* **Exercise goal**:
In the entries that follow, find the line containing "Authentic Italian restaurant" and the line containing "改变作业模式,掌握作业完成情", then copy exactly everything from the first through the second except the pictures.

* **Data provided**:
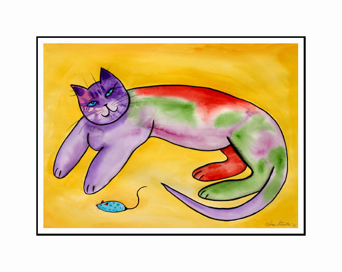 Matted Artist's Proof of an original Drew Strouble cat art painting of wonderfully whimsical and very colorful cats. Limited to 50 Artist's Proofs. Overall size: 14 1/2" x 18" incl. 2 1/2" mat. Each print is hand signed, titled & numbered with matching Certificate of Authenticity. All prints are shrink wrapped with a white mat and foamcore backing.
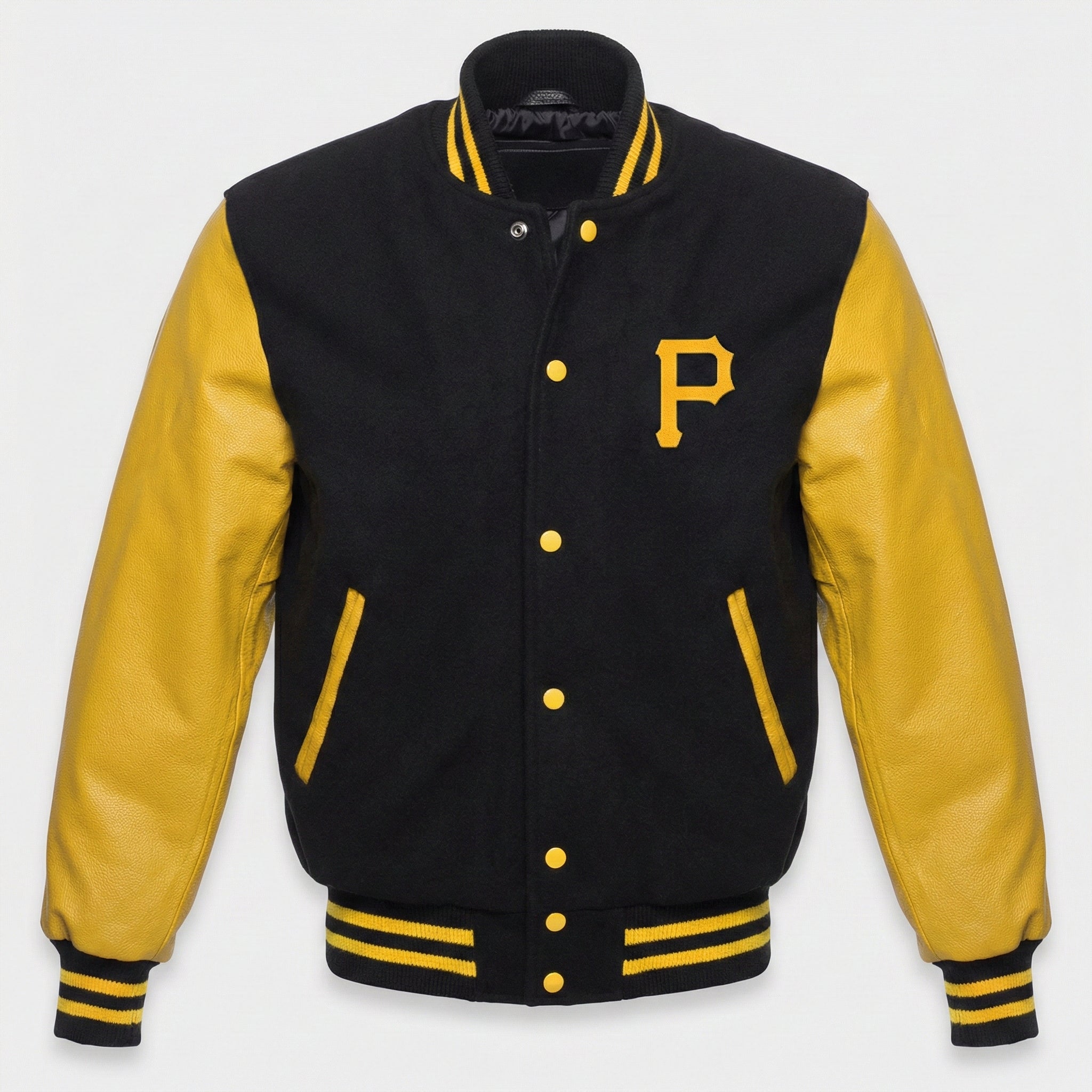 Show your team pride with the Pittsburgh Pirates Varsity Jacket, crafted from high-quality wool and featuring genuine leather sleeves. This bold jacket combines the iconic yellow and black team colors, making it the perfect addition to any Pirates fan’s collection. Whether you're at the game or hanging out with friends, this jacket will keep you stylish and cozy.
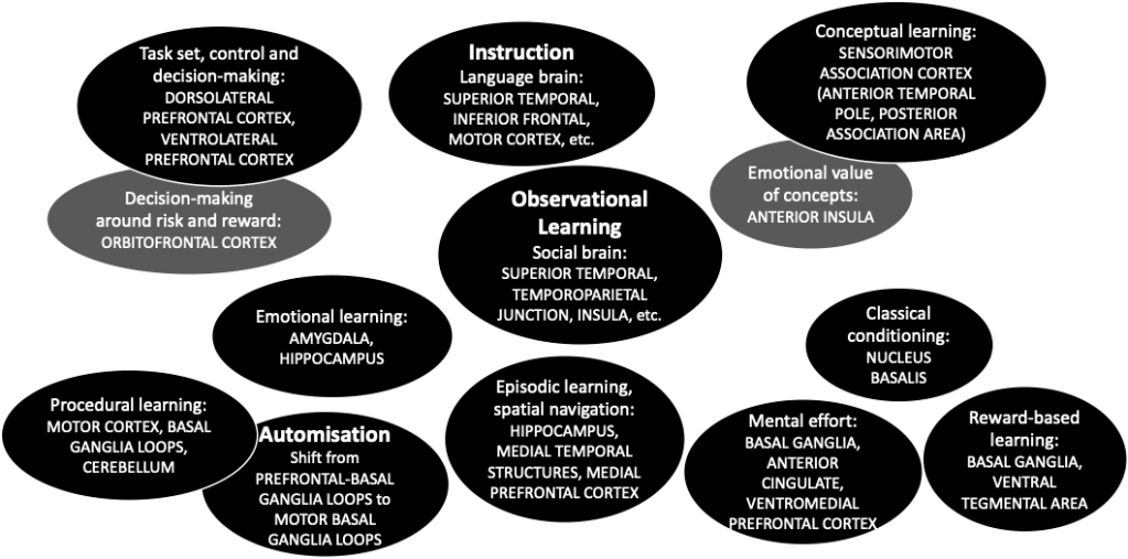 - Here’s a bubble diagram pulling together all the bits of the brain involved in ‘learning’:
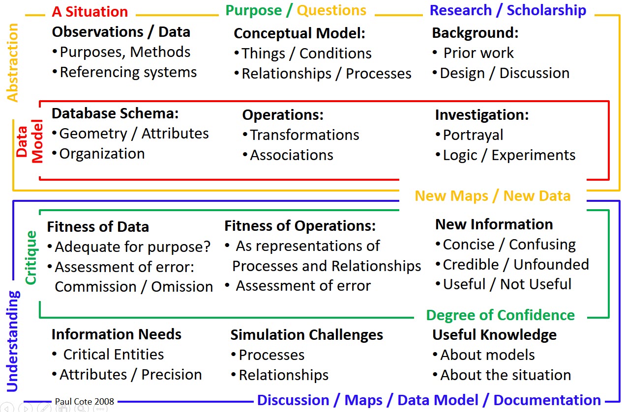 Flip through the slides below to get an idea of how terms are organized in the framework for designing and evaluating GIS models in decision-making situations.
==
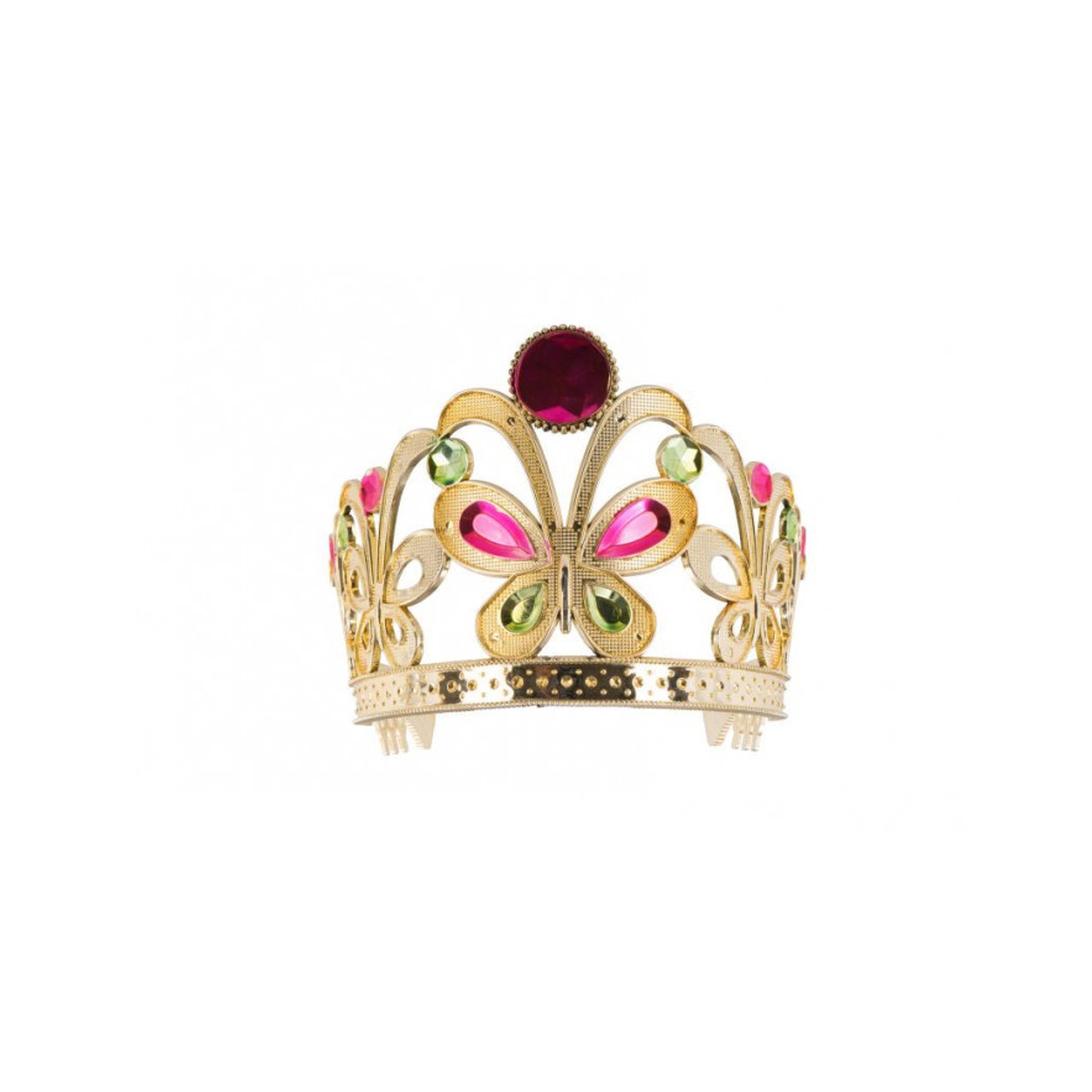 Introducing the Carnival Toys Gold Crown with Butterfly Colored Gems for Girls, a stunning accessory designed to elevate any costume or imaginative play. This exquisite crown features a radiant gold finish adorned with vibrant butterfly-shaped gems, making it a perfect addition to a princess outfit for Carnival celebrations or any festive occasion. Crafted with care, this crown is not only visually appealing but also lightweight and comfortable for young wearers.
---
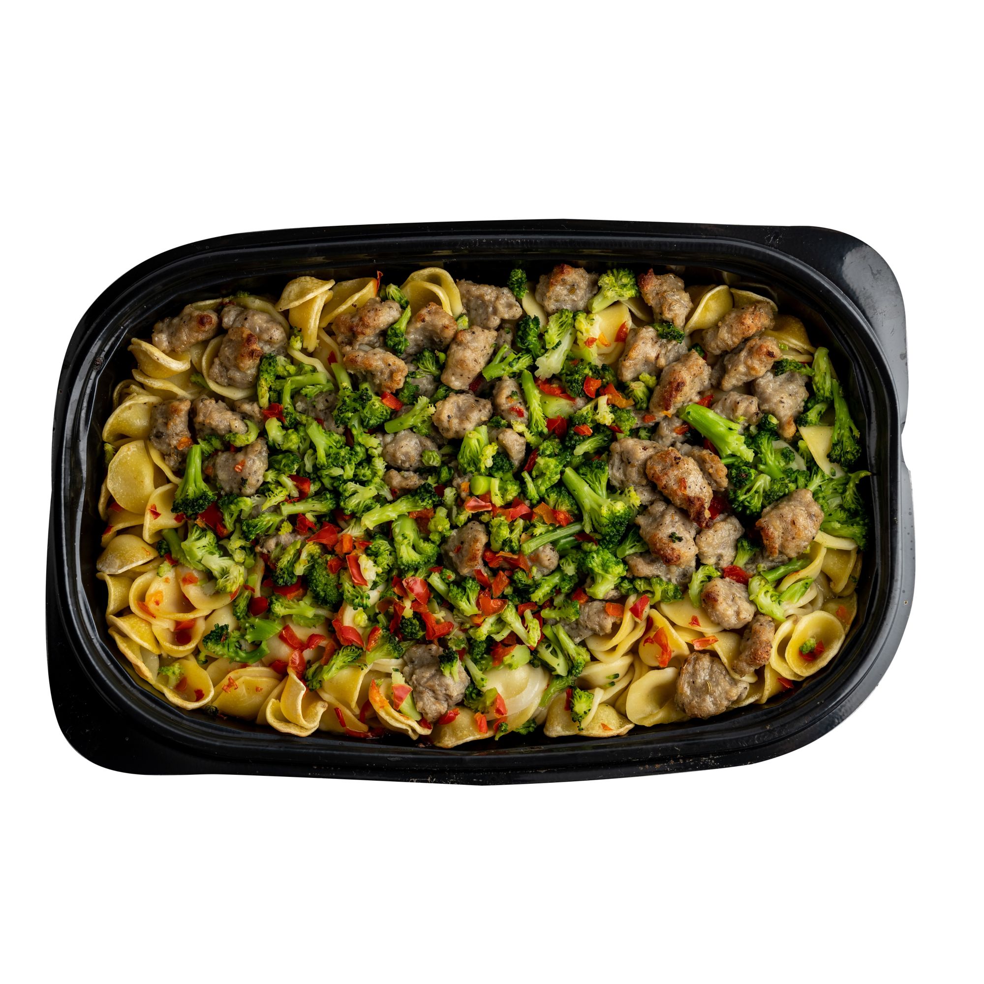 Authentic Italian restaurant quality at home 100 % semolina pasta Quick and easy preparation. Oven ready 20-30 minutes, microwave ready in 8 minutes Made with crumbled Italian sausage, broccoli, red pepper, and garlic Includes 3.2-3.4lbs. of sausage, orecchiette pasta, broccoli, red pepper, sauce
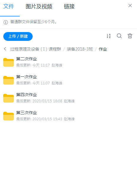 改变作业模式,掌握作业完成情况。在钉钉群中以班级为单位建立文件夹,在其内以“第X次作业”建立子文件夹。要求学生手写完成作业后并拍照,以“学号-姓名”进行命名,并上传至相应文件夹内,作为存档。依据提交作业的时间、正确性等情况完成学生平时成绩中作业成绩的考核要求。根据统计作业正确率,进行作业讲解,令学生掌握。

* **Written answer**:
 Authentic Italian restaurant quality at home 100 % semolina pasta Quick and easy preparation. Oven ready 20-30 minutes, microwave ready in 8 minutes Made with crumbled Italian sausage, broccoli, red pepper, and garlic Includes 3.2-3.4lbs. of sausage, orecchiette pasta, broccoli, red pepper, sauce
 改变作业模式,掌握作业完成情况。在钉钉群中以班级为单位建立文件夹,在其内以“第X次作业”建立子文件夹。要求学生手写完成作业后并拍照,以“学号-姓名”进行命名,并上传至相应文件夹内,作为存档。依据提交作业的时间、正确性等情况完成学生平时成绩中作业成绩的考核要求。根据统计作业正确率,进行作业讲解,令学生掌握。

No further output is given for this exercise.